#### TASK DESCRIPTION
For this exercise, the lines from the one with "(くさり編み 長編み 細編み" through the final line of the data below are to be transcribed exactly, and pictures are to be skipped.

::: RECORDS FOR PROCESSING

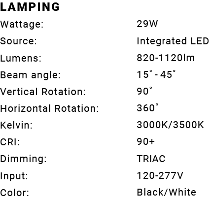 Focus stays true to the conventional style of track lighting systems but incorporates simplistic, modern style. Its cylindrical head removes unnecessary frills leaving room for only the essentials. Made out of 1070 pure aluminum, it is built to last with durable strength like no other. A special twist feature designed within the front of the track head allows for field adaptation that controls the double bifocal lenses within. This allows the beam to change from 15° to 55° with maximum uniformity while reducing light spill.
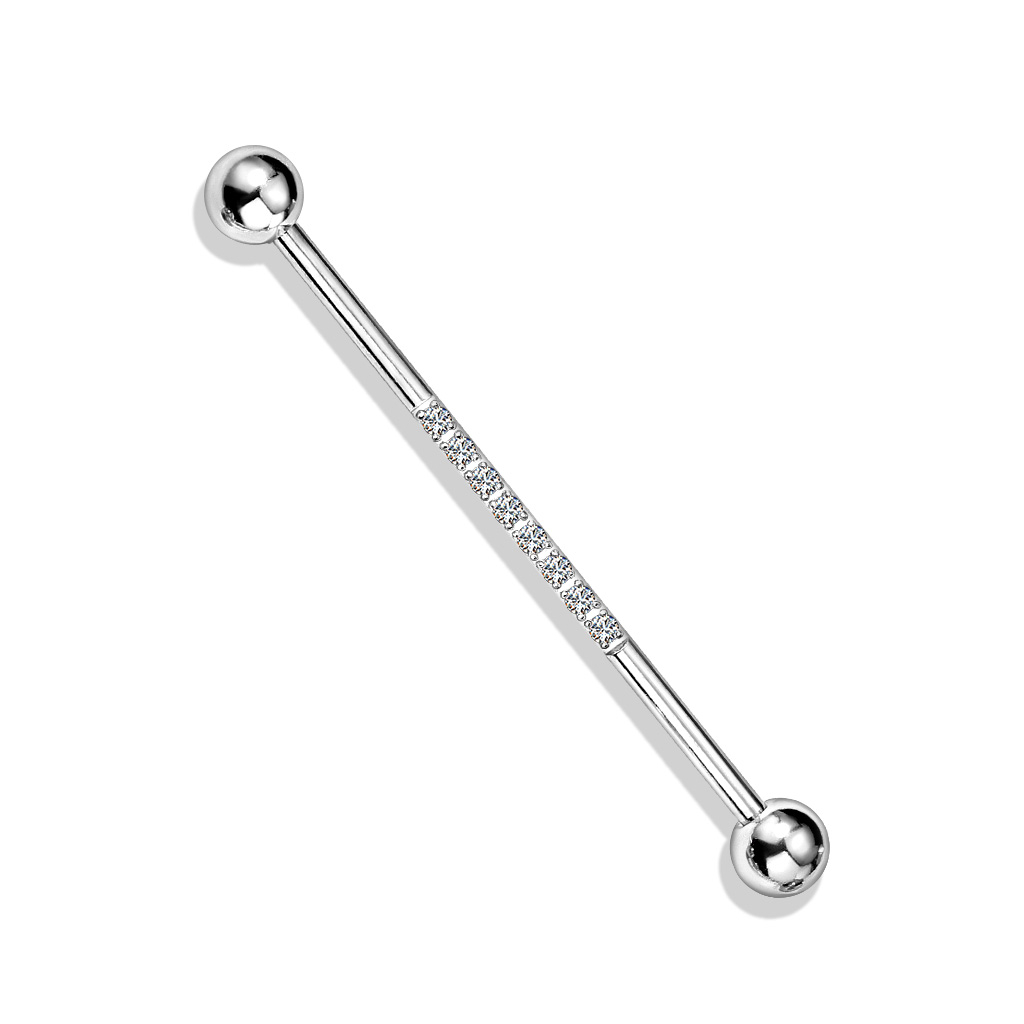 If you have an industrial piercing in your ear, we have a great piece of jewelry for you here. It consists of a straight barbell as you know it, with two balls -- one at each end. In the middle of the bar, there is a carved part with 8 small stones placed with an OCD perfectionist precision. The bar is made of surgical steel and available in several different colors, as well as with different stone colors. However, only the glossy silver-colored barbell is available with different stone colors. In other words, the colored barbells can only be selected with clear stones.
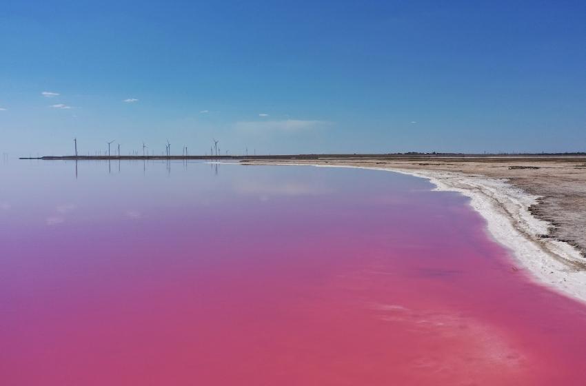 Our first pink lake is Lake Henichesk (Озеро Гені́чеськ), sometimes spelled Henyches’ke or even Genichesk, although this last one is based on the Russian pronunciation of this Ukrainian region. It is a salt lake with an internal drainage system, meaning the precipitation that falls within does not flow out but may only leave by evaporation and seepage.
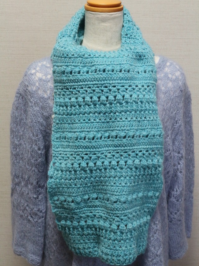 《特徴》ターコイズ・ブルー・グリーン3色のメリノウールで編んだ手編みのマフラーです。 このマフラーのメインテーマは、ズバリ!『テキスチャー』です!編み地のテキスチャーが美しくでるように、かぎ針の8種類の編み方で編みました。 (くさり編み 長編み 細編み 長編一目交差 引上編み 玉編み 長編みヘリンボーン※ 綿あめ編み※・・・ ※はアトリエふじさくら独自の編み方です。 ) 使用した毛糸はウールの中でも高品質なメリノウールです。肌に優しい素材ですので、安心してお使いいただける素材です。 幅もたっぷりあるロングマフラーですので、いろいろな巻き方を楽しんでいただくことができます。 《使用素材》 100%メリノウールの毛糸3色(ターコイズ・ブルー・グリーン) 《技法》 かぎ針編み。 《長さ》 幅 約23〜25センチ 長さ 約160センチ 《送料》無料 ヤマト運輸の宅配便で送ります。 丁寧に手編みで編んでお作りしておりますが、ハンドメイド特有の形の歪み等ある場合がございます。あらかじめご了承ください。
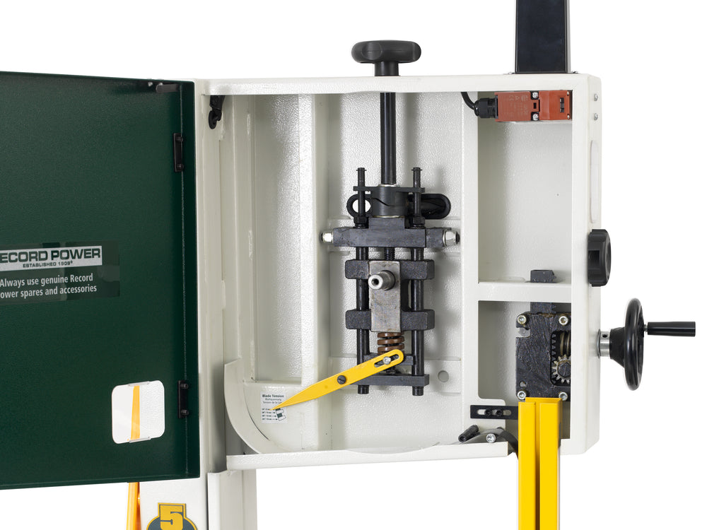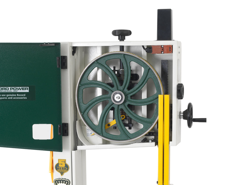 La Record Power Sabre-350 è una sega a nastro professionale progettata per falegnamerie, laboratori e scuole che richiedono potenza, precisione e capacità di taglio elevate.
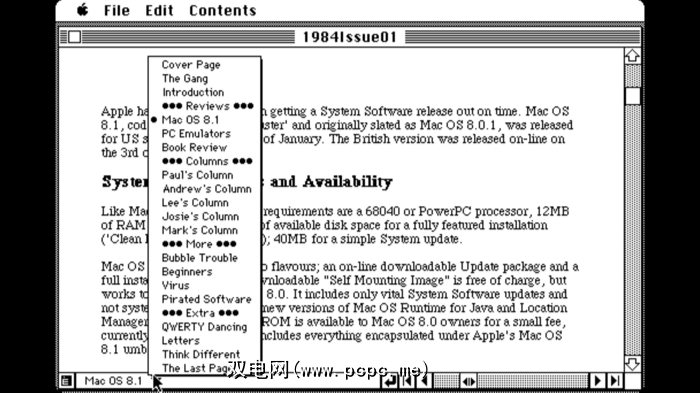 您可以查看1984年的《电子杂志》,这是专门针对Mac的早期在线出版物。该问题已审查Mac OS 8.1。仅仅将系统规格与最现代的Mac进行比较就令人惊讶。
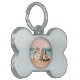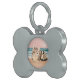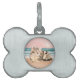 夕焼けでストライプのビーチに座る可愛い猫 ペットネームタグ

::::::

#### TASK RESPONSE
 《特徴》ターコイズ・ブルー・グリーン3色のメリノウールで編んだ手編みのマフラーです。 このマフラーのメインテーマは、ズバリ!『テキスチャー』です!編み地のテキスチャーが美しくでるように、かぎ針の8種類の編み方で編みました。 (くさり編み 長編み 細編み 長編一目交差 引上編み 玉編み 長編みヘリンボーン※ 綿あめ編み※・・・ ※はアトリエふじさくら独自の編み方です。 ) 使用した毛糸はウールの中でも高品質なメリノウールです。肌に優しい素材ですので、安心してお使いいただける素材です。 幅もたっぷりあるロングマフラーですので、いろいろな巻き方を楽しんでいただくことができます。 《使用素材》 100%メリノウールの毛糸3色(ターコイズ・ブルー・グリーン) 《技法》 かぎ針編み。 《長さ》 幅 約23〜25センチ 長さ 約160センチ 《送料》無料 ヤマト運輸の宅配便で送ります。 丁寧に手編みで編んでお作りしておりますが、ハンドメイド特有の形の歪み等ある場合がございます。あらかじめご了承ください。
 La Record Power Sabre-350 è una sega a nastro professionale progettata per falegnamerie, laboratori e scuole che richiedono potenza, precisione e capacità di taglio elevate.
 您可以查看1984年的《电子杂志》,这是专门针对Mac的早期在线出版物。该问题已审查Mac OS 8.1。仅仅将系统规格与最现代的Mac进行比较就令人惊讶。
 夕焼けでストライプのビーチに座る可愛い猫 ペットネームタグ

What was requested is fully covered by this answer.